Abstract: We present some new theoretical results for the topics of optimality conditions, constraint qualifications and error bounds in optimization, and show how these theoretical results can be used for analyzing the convergence of some very popular first-order algorithms which have been finding wide applications in data science domains. Some fundamental models such as the LASSO and grouped LASSO are studied, and it is shown that the linear convergence can be obtained if some algorithms are implemented for these models such as the proximal gradient method, the proximal alternating linearized minimization algorithm and the randomized block coordinate proximal gradient method. We provide a novel analytic framework based on variational analysis techniques (e.g., error bound, calmness, metric subregularity) for the convergence analysis of first-order algorithms.
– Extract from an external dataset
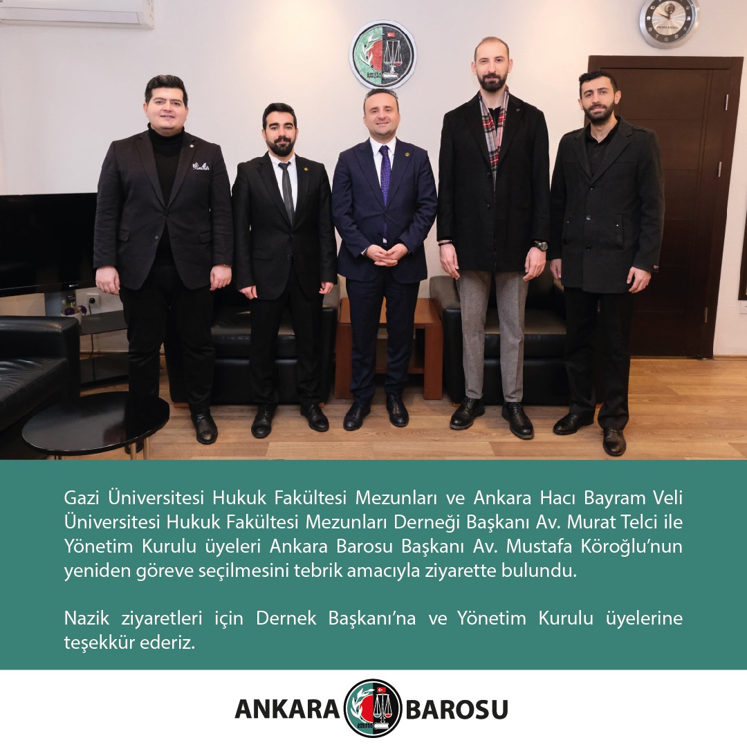 GAZİ ÜNİVERSİTESİ HUKUK FAKÜLTESİ MEZUNLARI VE ANKARA HACI BAYRAM VELİ ÜNİVERSİTESİ HUKUK FAKÜLTESİ MEZUNLARI DERNEĞİ BAŞKANI AV. MURAT TELCİ İLE YÖNETİM KURULU ÜYELERİ ANKARA BAROSU BAŞKANI AV. MUSTAFA KÖROĞLU’NUN YENİDEN GÖREVE SEÇİLMESİNİ TEBRİK AMACIYLA ZİYARETTE BULUNDU

By this new analytic framework, we significantly improve some convergence rate results in the literature and obtain some new results.

 

The brief introduction to the reporter: Zhang Jin, born in March 1986, is an assistant professor of research at Hong Kong Baptist University. He received his Bachelor of Arts from the School of Humanities and Social Sciences of Dalian University of Technology in 2007, his Master of Science degree from the School of Mathematical Sciences of Dalian University of Technology in 2010, and his Ph.D. in Applied Mathematics from the Department of Mathematics and Statistics of Victoria University of Canada in December 2014. He entered the Mathematics Department of Hong Kong Baptist University in July 2015. Zhang Jin is mainly engaged in optimization theory, especially optimization conditions and constraint specifications. He has published more than 10 SCI retrieval papers, many of which have been published in the top journals of Mathematical Programming, SIAM Journal on Optimization and other optimization fields.